Beyond the Basics: Nacho Variations

There are, of course, a million directions to go from there. When we have the option, we will always add the following:

  • Avocados, in any form. Guacamole is usually too complicated for home use, given that we have to assemble most of the other components. But sliced avocado does just fine.
  • Scallions, chives, or onions (or garlic) in any form.
  • Lime, which serves some of the same functions as heat, to make the dish less greasy so that you can eat more of it. And that is obviously the goal for nachos.
  • Region-appropriate spices: oregano, cilantro, cumin; anything from the south-of-the-border areas will do.
  • Olives, ideally black although we have used green. We’ll even admit to using half-sour pickles or cornichons in cases of emergency (i.e. when we can’t find pickled jalapenos).
  • Corn, usually from a can or frozen.
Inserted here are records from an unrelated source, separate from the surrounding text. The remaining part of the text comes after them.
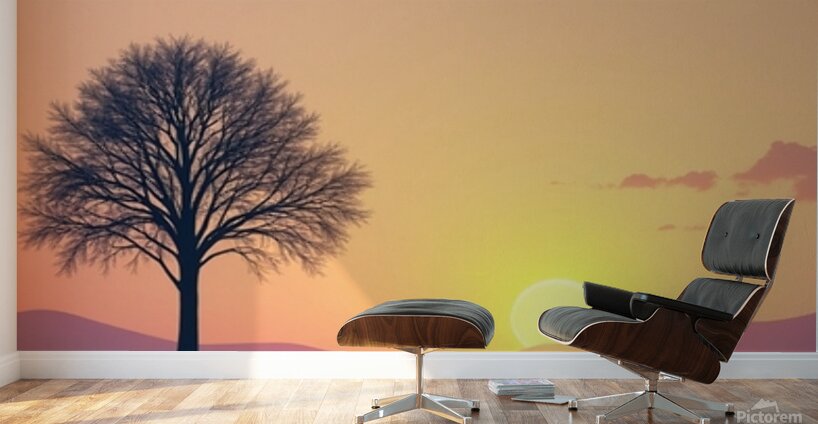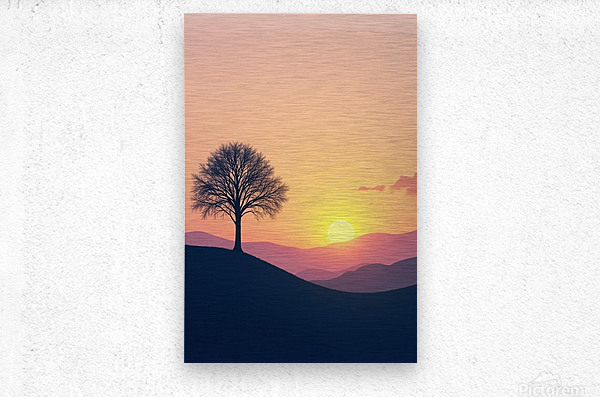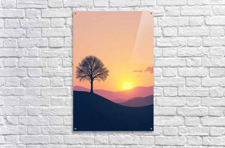 “Solitude at Dusk” captures the quiet beauty of a single bare tree standing against rolling hills as the sun gently sets behind the horizon. This minimalist artwork evokes peace and introspection, blending soft pastels of gold, mauve, and lilac in a dreamy gradient sky. The strong silhouette of the tree adds emotional depth to the composition, making it a perfect wall art choice for calm, meditative spaces or minimalist interiors.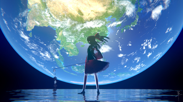 月の海に立つ巫女 Sheep3d さんのイラスト ニコニコ静画 イラスト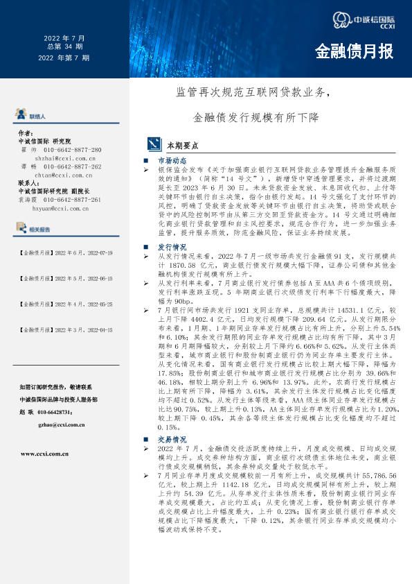 【中诚信国际】【20220719】中诚信-【金融债月报】2022年7月-监管再次规范互联网贷款业务,金融债发行规模有所下降-12页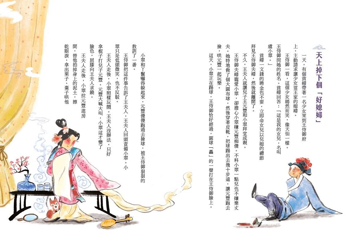 我喜歡作者為各個篇章重新下的篇名,〈親兄弟不如狐朋友〉、〈彩翼翩翩為人來〉、〈洞庭湖面踢「足球」〉、〈畫匹駿馬騎上跑〉、〈三百多年前的「虛擬世界」〉等等,有現代感的趣味、又有古典的優美。每篇故事一開始都用幾句短語勾勒出「劇情大要」,有如預告片的讓人想展書閱讀;故事並非完全依原著逐字逐句翻譯,作者顯然針對兒童少年的特點有所斟酌,改寫後的故事既要淺顯易懂,又要保留原著的文學品味,十分難得。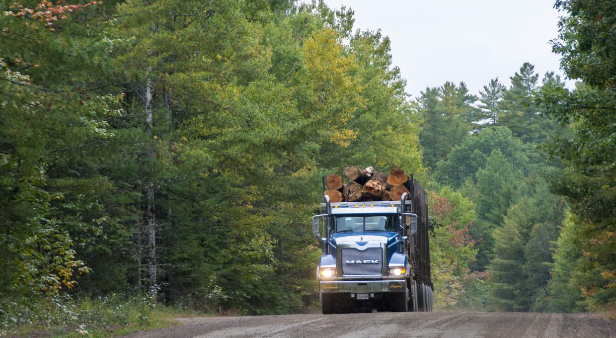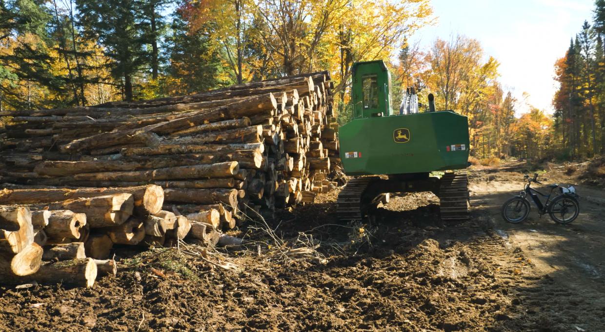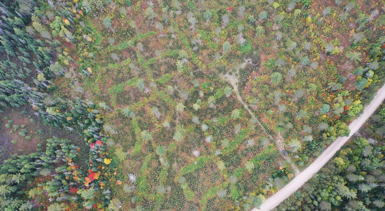 Aerial view of a logging road and a pile of logs with heavy machinery in otherwise intact forest in Algonquin Park.

Controversial, but we stand by it.
  • Sour cream is never on our list. One of us actively doesn’t like it. The other doesn’t think it tastes like much, even when it’s real sour cream. (And, in restaurants, it often isn’t.)
  • Lettuce is also sometimes on nachos, but it’s always iceberg. Feh. Why bother?

Further Variations on a Theme

We’ve eaten poutine nachos. Barbeque nachos (BBQ sauce and sometimes pulled pork). Tuna nachos (sashimi on fried wonton crisps with wasabi and radish). Bacon nachos, served on tater-tots. Ballpark nachos (chips with pumped-on chemical cheeze sauce). We’ve even eaten ‘dessert nachos’. There are all fine. Some of them are better than fine. But please, please, don’t expect us to call them nachos.